For pedigree-based genome-wide association studies, we proposed a powerful data-driven weighting scheme to enhance the statistical power to identify significant variants. The standard top R approach is preferable to standard one-stage approach if R—the number of markers retained at the screening stage for formal testing—is carefully selected. The non-informative exponential weighting scheme (EWS) ensures all the genotyped markers to be formally tested. The power of the EWS depends on the size of the smallest marker group. Both approaches only allow for nuclear families and discard parental information when available. The literature has seen an extended top R approach that incorporates founder information while allowing for general pedigrees. In practice, however, the choice of R remains a crucial challenge. Our new scheme integrates a novel informative weighting scheme with strong advantages of the EWS and the extended top R and overcomes their limitations. In terms of power, it outperformed optimal extended top R and optimal EWS approaches and was robust to population stratification to reasonable levels. It controlled family-wise error rate at a desired level regardless of LD structure.

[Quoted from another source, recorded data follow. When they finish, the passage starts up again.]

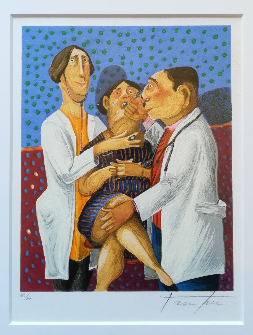 PINO PROCOPIO (1954) - La visita - Serigrafia materica cm 30x35 – Numerazione: 124/150 – Opera con cornice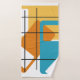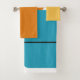 Este conjunto de toalhas tem um pano de lavagem dourado, uma toalha de mão laranja, e uma toalha de banho com um design moderno do século médio de três retângulos, laranja, verde e turquesa, com um dentro de retângulo branco cada. Se você gosta do design, mas prefere cores diferentes, me mande mensagem.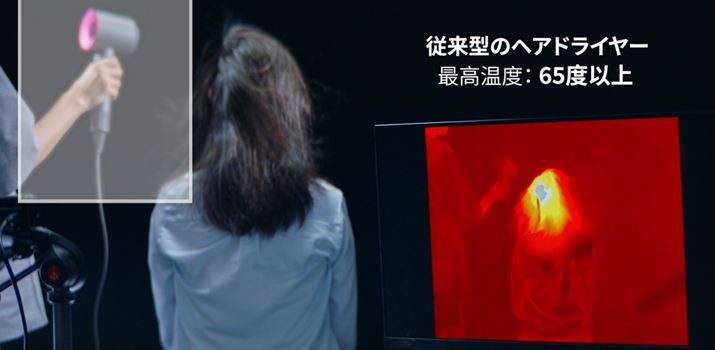 また、Zuvi Haloから放出される風は、温風でないのもポイント。本体に取り込まれた室内と同じ温度の風が放出されるため、髪の毛や頭皮の過度な乾燥が抑えられる。さらに、赤外線光が当たって熱を持った髪に、熱くない風が当たることで髪が冷やされ、髪表面の温度が低下。下の写真はメーカーが行った一般的な熱風式ヘアドライヤー(上)との比較だが、Zuvi Haloのほうが髪の表面温度が30℃以上低い。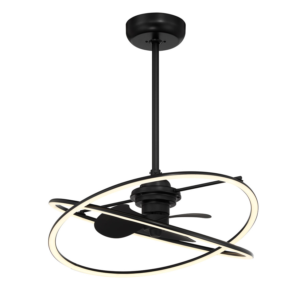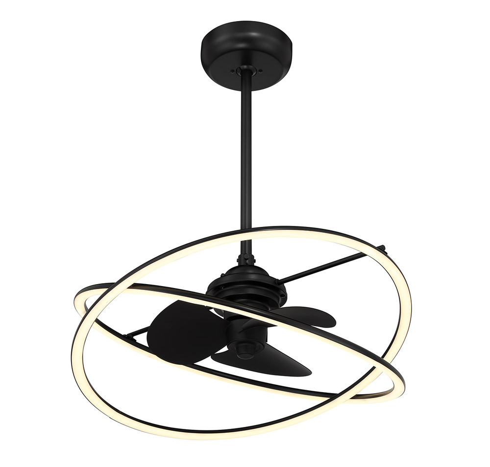 Cool and cutting-edge, the Savoy House Dorado Fan D'Lier reinvents the chandelier and the ceiling fan in one fabulously fashionable fixture. Bands of integrated LED light encircle the fan, which is finished in Matte Black. Dorado uses an efficient DC motor and has a handheld remote control for extra convenience. It is 25" in width and 10.5" in height. Comes with a 4" downrod and an 18" downrod. Fan D'Liers are a Savoy House exclusive. These custom designs are inspired by high-end designer styles and take top trends to a whole new level.

Population and family designs have been well separately addressed with notable efforts on two-stage schemes. The trick of vast most existing two-stage schemes is to formally test the R most promising markers. We extended our informative weighting to efficiently utilize available natural population and family resources and ensure that all SNPs are formally tested. Theoretically, the new approach can rigorously control the family-wise error rate at a preset nominal level. Empirically, the new scheme has proved more powerful than prevailing one-stage and two-stage approaches, e.g., standard population-based score test as well as standard pedigree disequilibrium test, family-based optimal exponential weighting scheme and optimal top R approach.

Microarray data clustering for gene discovery

In microarray studies, a central challenge is to reliably identify as many biologically significant genes as possible while controlling false positives. We proposed an efficient method to identify differentially expressed genes in microarray experiments. This method incorporates a novel stratification-based tight clustering algorithm, principal component analysis and information pooling. It proved substantially more powerful than the popular SAM and eBayes approaches. The proposed method applies to both low- and high-replication microarray experiments. The method has been applied to three real microarray datasets: one from a Populus nitrogen deficiency experiment with 3 biological replicates; and two from public microarray datasets of colon cancer and leukemia with 10 to 40 biological replicates. In all three analyses, our method proved more robust than the popular alternatives for identification of differentially expressed genes.

Basically, existing correlation-based methods in this area were developed by intuitive ideas, empirical experiments, and classical theory of sample correlation. Pertinent theoretical foundation and analytical strategies of gene-to-gene correlations are needed for various scenarios. To fill this bill, we obtained a generic stochastic representation and asymptotic distributions with convergence rates of gene-gene correlation with respect to the variations of differential magnitudes, residual correlations, and experiment sizes as well. This effort deepens the insights of gene-gene correlation and serves as the theoretical basis for our forward-search-based tight clustering.